Built-in compression

Built-in compression for ETL traces was introduced in Windows 8. xperf and some other tools can output compressed traces, which still have the “.etl” extension and can still be opened and handled by all the tools, just like their regular, uncompressed counterparts. This whole topic is lightly documented; it gets a mention in a few places, but nothing more.

What algorithm is used and how efficient is it? I poked around in xperf and WPA to find out. For compression, data gets fed to RtlCompressBuffer in smaller chunks, selecting the COMPRESSION_FORMAT_LZNT1 algorithm. For decompression, RtlDecompressBufferEx is used. LZNT1 is based on the original LZ77 algorithm.

The LZ77 algorithm:

  • is one of the faster compression/decompression algorithms
  • is easy to implement
  • offers reasonable compression ratios

I am certainly no expert in compression algorithms, but even after some admittedly shallow reading on Wikipedia, it’s clear that there are newer algorithms out there which provide better compression ratios without needing much more memory and computational power. Why didn’t Microsoft choose something “better”? Maybe they didn’t want to introduce another algorithm into the whole NT ecosystem, or maybe they thought compression speed is the most important factor1.

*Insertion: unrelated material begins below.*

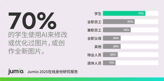 研究显示,全球范围内,学生群体既是生成式AI的早期使用者(70%的学生使用AI创作或修改图像),也最容易遭受其带来的风险影响。目前,62%的学生自信能够识别深度伪造(deepfake),而70%表示在过去六个月内接触过此类深度伪造内容。与其他职业受访者相比,学生群体对AI欺诈风险展现出更高的警觉性。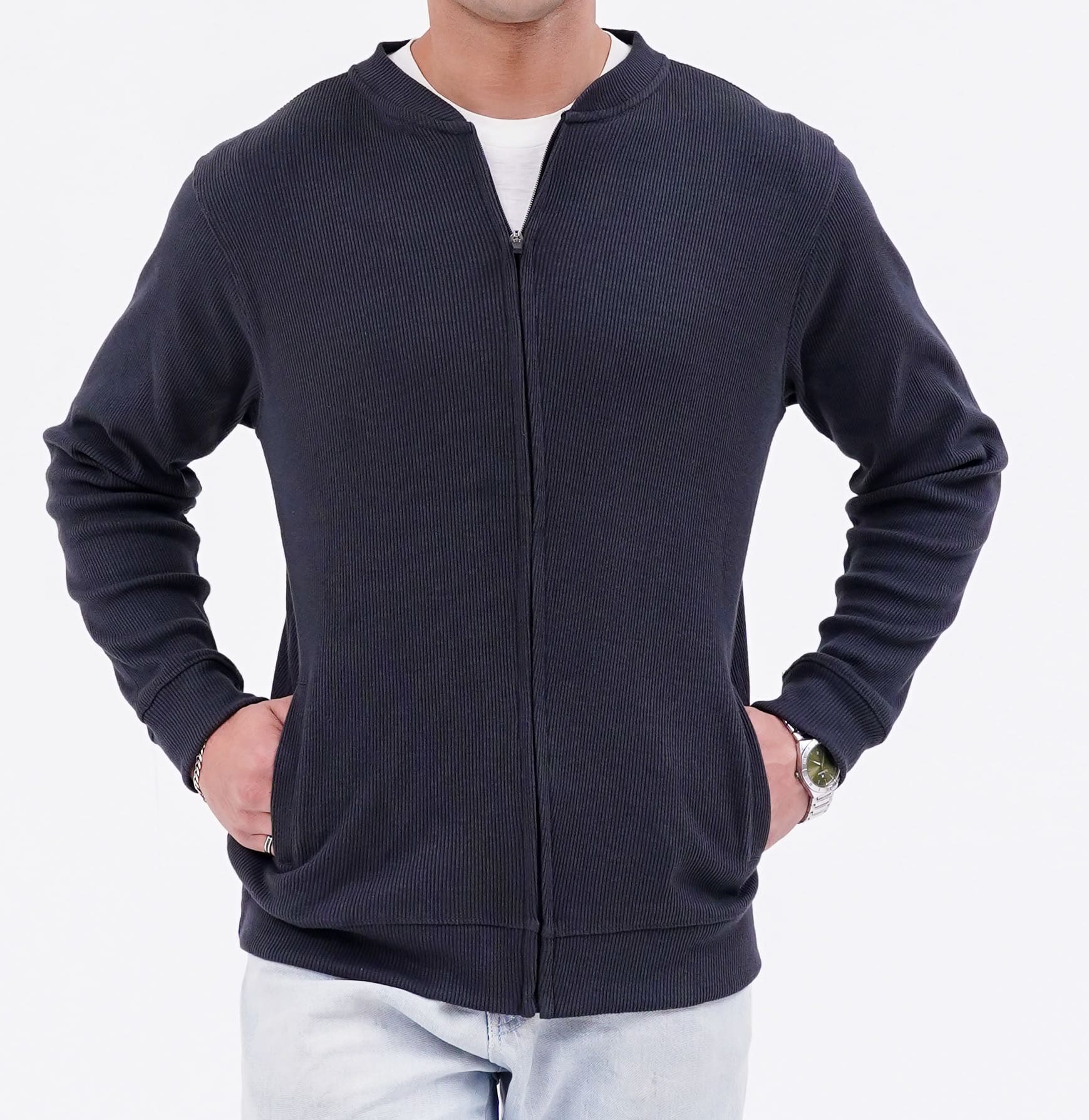 The sophisticated Ribbed Knit texture adds visual depth and luxurious feel without being overly busy, ensuring it remains a versatile, timeless addition to any wardrobe. The full Zip Up design offers maximum layering flexibility—wear it open over a tee for a casual look, or zip it high for a warm, comfortable neck coverage on brisk days.

Let’s see how LZNT1 performs. I prepared three test files for my experiments: one large, one medium, and one small ETL file. The medium size file is a usual ETL file created with the Windows Performance Recorder (with the “First Triage”, “Disk IO”, and “File IO” options selected). The other two are a different story. The ETW session where they were recorded from had the “kernel provider” enabled only, namely: sampled profiles (with call stacks), context switches (with call stacks), and other boilerplate necessary for WPA to be able to handle the trace and display call stacks correctly (module loads, thread and process creation, etc.). These two were also filtered, so events for one process of interest were preserved only. The reason for this is nothing special, I just needed better compression of this particular kind of traces2, that’s why I started looking for alternatives for compression in the first place. Just for the sake of this blog post I also wanted to see the numbers for a “normal” ETW trace, so I threw one into the mix (the medium size trace) as well. Throughout this post you’ll see the letter “f” attached whenever I refer to the smallf and largef traces, just to remind you that these are not regular, but filtered ETL files.

The traces don’t just differ in their sizes, but also in the kind and amount of CPU load. The largef file was captured when I played a video game called World of Tanks actively for ~30 minutes. The smallf one was created when I listened to music with Spotify for about 6 minutes. The medium size file was captured when various programs ran on my computer; the CPU load was about 15% on average, and recording ran for about 2 minutes.

WPA has a Trace Statistics view which shows you statistics about the number of events a trace contains, and their (uncompressed) sizes. This is great, because with this we can find out which types of events contribute to our trace sizes the most. Here’s an image with statistics for all three traces:

Top 4 overall event sizes for the smallf, medium, and largef traces (from top to bottom)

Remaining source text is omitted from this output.